* Input data *
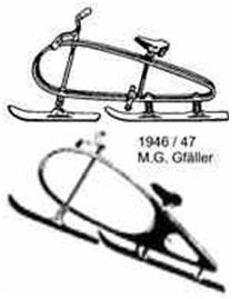a podstawowym surowcem był odpowiedni gatunek drewna. Ze względu na kształt ramy nośnej pojazd ten nazwano „ jajo Gfällera”. Konstrukcja ta daje użytkownikom komfort jazdy na nierównościach nartostrad. Konstruktor będąc użytkownikiem pojazdu bardzo często wnosi pewne udogodnienia. Przełom lat 40-tych i 50-tych. Konstruktor przy montażu płóz stosuje następne tłumienie sprężynowe – tył 2 sprężyny, przód jedna, co polepsza komfort i bezpieczeństwo dla użytkownika. Montuje też oparcie stóp.
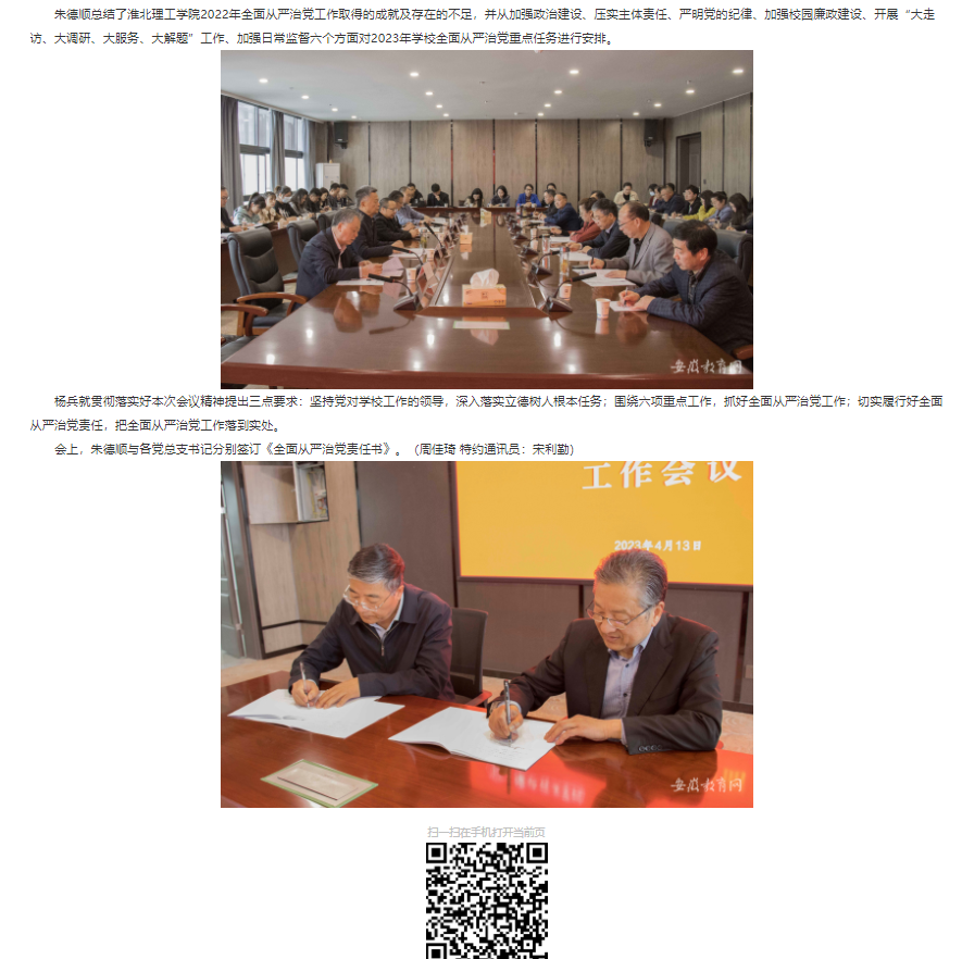 4月13日上午,学校召开2023年全面从严治党工作会议。对此安徽教育网进行了报道:
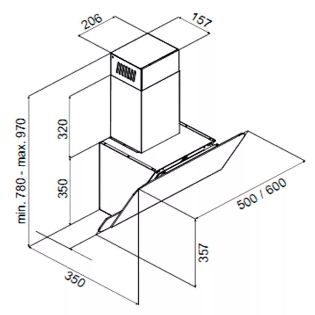 стоит отнести наличие обратного клапана, уровень шума в пределах 54 дБ. Рабочая зона кухни комфортно освещается LED лампами. Такая пристенная вытяжка послужит не только для устранения запахов на кухне, а и в качестве стильного элемента декора.
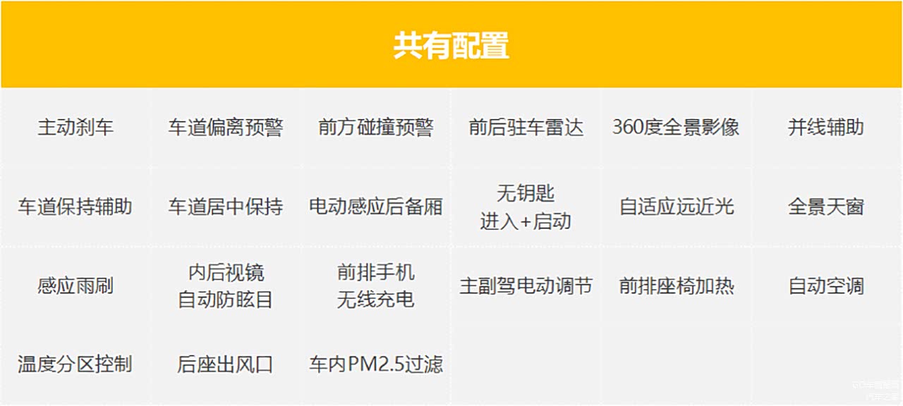 两车共有的配置还是比较多的,舒适性和安全性都有照顾到,像360度全景影像、手机无线充电、电动感应后备厢等是比较刚需的功能。
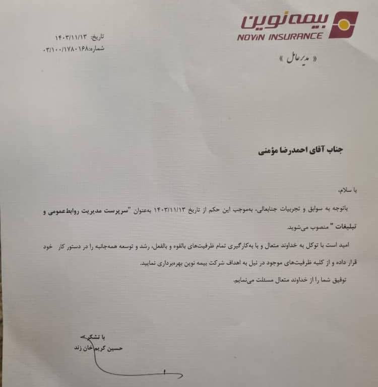حسین کریم خان زند مدیرعامل بیمه نوین در حکمی احمدرضا مومنی را به سمت سرپرست مدیریت روابط عمومی و تبلیغات این شرکت منصوب کرد. به گزارش فراسو، متن حکم انتصاب احمدرضا مومنی بدین شرح است:

* Task description *
In the entries above, find the line that contains "4月13日上午,学校召开20", then repeat exactly every line from the first one through that line, with no pictures.

* Exercise response *
a podstawowym surowcem był odpowiedni gatunek drewna. Ze względu na kształt ramy nośnej pojazd ten nazwano „ jajo Gfällera”. Konstrukcja ta daje użytkownikom komfort jazdy na nierównościach nartostrad. Konstruktor będąc użytkownikiem pojazdu bardzo często wnosi pewne udogodnienia. Przełom lat 40-tych i 50-tych. Konstruktor przy montażu płóz stosuje następne tłumienie sprężynowe – tył 2 sprężyny, przód jedna, co polepsza komfort i bezpieczeństwo dla użytkownika. Montuje też oparcie stóp.
 4月13日上午,学校召开2023年全面从严治党工作会议。对此安徽教育网进行了报道:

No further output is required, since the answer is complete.